▶ _Task requirements_: Whenever a line of the material contains the string "with", it should be copied.

▶ _Records shown_:
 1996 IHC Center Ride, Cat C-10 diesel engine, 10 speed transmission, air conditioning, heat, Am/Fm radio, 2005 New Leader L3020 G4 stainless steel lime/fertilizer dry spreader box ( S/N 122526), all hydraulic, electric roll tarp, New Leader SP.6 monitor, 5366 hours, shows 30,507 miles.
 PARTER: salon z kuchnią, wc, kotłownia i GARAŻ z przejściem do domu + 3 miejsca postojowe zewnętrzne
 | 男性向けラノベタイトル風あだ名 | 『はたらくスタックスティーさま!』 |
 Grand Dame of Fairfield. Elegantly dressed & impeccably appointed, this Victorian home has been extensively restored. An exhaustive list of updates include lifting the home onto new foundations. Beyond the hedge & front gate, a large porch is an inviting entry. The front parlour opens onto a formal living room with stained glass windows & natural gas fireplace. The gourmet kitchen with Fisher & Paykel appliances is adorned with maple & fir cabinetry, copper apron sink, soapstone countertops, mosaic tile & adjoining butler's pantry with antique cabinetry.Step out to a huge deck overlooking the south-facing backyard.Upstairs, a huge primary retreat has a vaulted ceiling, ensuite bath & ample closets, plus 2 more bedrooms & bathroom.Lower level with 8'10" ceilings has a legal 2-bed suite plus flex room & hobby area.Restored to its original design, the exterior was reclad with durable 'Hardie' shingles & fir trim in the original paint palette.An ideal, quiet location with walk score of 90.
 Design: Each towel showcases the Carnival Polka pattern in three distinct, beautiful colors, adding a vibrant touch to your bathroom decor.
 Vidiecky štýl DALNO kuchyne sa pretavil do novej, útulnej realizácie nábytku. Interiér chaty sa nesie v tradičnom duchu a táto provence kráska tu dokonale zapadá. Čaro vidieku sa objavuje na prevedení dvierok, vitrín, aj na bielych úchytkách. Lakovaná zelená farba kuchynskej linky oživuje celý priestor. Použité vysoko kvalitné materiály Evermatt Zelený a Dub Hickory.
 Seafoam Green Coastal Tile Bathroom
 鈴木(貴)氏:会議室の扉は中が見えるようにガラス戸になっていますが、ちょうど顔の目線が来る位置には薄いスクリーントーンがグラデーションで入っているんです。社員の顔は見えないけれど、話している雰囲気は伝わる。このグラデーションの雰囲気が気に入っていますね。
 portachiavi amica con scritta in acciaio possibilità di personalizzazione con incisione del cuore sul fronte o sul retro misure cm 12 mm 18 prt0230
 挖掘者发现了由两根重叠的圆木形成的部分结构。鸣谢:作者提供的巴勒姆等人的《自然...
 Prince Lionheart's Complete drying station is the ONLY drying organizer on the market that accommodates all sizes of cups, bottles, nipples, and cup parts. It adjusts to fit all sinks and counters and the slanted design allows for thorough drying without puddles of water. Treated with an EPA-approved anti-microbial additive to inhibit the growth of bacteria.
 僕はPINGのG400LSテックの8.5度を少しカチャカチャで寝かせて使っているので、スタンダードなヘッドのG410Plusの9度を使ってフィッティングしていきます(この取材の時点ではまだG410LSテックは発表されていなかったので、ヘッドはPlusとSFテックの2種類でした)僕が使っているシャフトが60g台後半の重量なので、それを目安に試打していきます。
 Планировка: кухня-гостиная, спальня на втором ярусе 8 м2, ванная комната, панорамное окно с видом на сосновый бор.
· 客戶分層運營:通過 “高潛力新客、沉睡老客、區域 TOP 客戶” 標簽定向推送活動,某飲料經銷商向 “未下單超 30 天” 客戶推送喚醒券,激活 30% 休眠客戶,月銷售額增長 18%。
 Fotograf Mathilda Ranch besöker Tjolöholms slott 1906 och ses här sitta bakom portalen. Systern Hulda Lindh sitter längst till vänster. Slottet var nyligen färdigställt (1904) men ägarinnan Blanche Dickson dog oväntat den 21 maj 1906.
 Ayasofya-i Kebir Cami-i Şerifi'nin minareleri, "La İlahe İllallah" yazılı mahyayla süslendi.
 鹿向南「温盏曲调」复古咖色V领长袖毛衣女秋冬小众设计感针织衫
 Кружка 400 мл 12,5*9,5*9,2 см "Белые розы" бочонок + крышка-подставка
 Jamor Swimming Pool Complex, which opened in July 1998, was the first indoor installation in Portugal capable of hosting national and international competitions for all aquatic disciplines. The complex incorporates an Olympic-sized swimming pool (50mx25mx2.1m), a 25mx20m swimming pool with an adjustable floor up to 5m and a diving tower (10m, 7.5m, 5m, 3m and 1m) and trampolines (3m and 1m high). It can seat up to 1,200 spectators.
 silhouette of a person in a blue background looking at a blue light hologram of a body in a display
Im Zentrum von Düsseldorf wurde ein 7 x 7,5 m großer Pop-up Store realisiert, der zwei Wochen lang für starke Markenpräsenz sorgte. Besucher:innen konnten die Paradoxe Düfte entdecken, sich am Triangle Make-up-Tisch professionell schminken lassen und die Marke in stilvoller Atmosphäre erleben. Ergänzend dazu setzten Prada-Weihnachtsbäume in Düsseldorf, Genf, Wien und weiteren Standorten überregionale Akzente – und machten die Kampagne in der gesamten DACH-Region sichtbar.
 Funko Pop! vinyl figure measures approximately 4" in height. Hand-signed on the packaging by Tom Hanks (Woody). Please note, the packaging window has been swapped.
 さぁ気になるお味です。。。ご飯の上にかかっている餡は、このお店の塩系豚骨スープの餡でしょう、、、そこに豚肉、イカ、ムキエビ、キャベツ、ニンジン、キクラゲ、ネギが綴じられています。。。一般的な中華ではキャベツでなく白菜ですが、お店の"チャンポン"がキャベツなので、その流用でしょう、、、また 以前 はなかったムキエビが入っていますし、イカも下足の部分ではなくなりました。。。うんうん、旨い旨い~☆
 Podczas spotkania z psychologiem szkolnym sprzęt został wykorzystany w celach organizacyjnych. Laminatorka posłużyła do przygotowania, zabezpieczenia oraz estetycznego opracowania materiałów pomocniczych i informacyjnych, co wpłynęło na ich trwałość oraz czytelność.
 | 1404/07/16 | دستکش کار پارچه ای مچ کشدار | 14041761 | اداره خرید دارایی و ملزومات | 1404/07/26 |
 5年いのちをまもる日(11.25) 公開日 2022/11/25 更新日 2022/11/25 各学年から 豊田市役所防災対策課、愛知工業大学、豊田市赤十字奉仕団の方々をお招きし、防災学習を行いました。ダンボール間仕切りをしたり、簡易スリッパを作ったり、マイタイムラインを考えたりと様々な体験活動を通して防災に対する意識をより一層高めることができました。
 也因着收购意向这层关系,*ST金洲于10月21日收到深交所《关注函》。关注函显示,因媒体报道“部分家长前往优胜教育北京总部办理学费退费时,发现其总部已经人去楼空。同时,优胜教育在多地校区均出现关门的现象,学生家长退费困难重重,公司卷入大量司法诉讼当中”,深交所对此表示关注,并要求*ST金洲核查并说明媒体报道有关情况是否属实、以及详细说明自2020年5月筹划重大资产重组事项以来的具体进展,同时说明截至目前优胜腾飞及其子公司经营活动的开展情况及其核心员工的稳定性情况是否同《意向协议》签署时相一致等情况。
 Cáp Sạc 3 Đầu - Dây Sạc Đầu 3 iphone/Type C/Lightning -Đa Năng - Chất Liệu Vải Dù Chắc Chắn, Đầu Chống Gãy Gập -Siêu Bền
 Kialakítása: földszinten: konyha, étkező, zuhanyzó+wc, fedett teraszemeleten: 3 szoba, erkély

▶ _Task answer_:
 Grand Dame of Fairfield. Elegantly dressed & impeccably appointed, this Victorian home has been extensively restored. An exhaustive list of updates include lifting the home onto new foundations. Beyond the hedge & front gate, a large porch is an inviting entry. The front parlour opens onto a formal living room with stained glass windows & natural gas fireplace. The gourmet kitchen with Fisher & Paykel appliances is adorned with maple & fir cabinetry, copper apron sink, soapstone countertops, mosaic tile & adjoining butler's pantry with antique cabinetry.Step out to a huge deck overlooking the south-facing backyard.Upstairs, a huge primary retreat has a vaulted ceiling, ensuite bath & ample closets, plus 2 more bedrooms & bathroom.Lower level with 8'10" ceilings has a legal 2-bed suite plus flex room & hobby area.Restored to its original design, the exterior was reclad with durable 'Hardie' shingles & fir trim in the original paint palette.An ideal, quiet location with walk score of 90.
 Prince Lionheart's Complete drying station is the ONLY drying organizer on the market that accommodates all sizes of cups, bottles, nipples, and cup parts. It adjusts to fit all sinks and counters and the slanted design allows for thorough drying without puddles of water. Treated with an EPA-approved anti-microbial additive to inhibit the growth of bacteria.
 Jamor Swimming Pool Complex, which opened in July 1998, was the first indoor installation in Portugal capable of hosting national and international competitions for all aquatic disciplines. The complex incorporates an Olympic-sized swimming pool (50mx25mx2.1m), a 25mx20m swimming pool with an adjustable floor up to 5m and a diving tower (10m, 7.5m, 5m, 3m and 1m) and trampolines (3m and 1m high). It can seat up to 1,200 spectators.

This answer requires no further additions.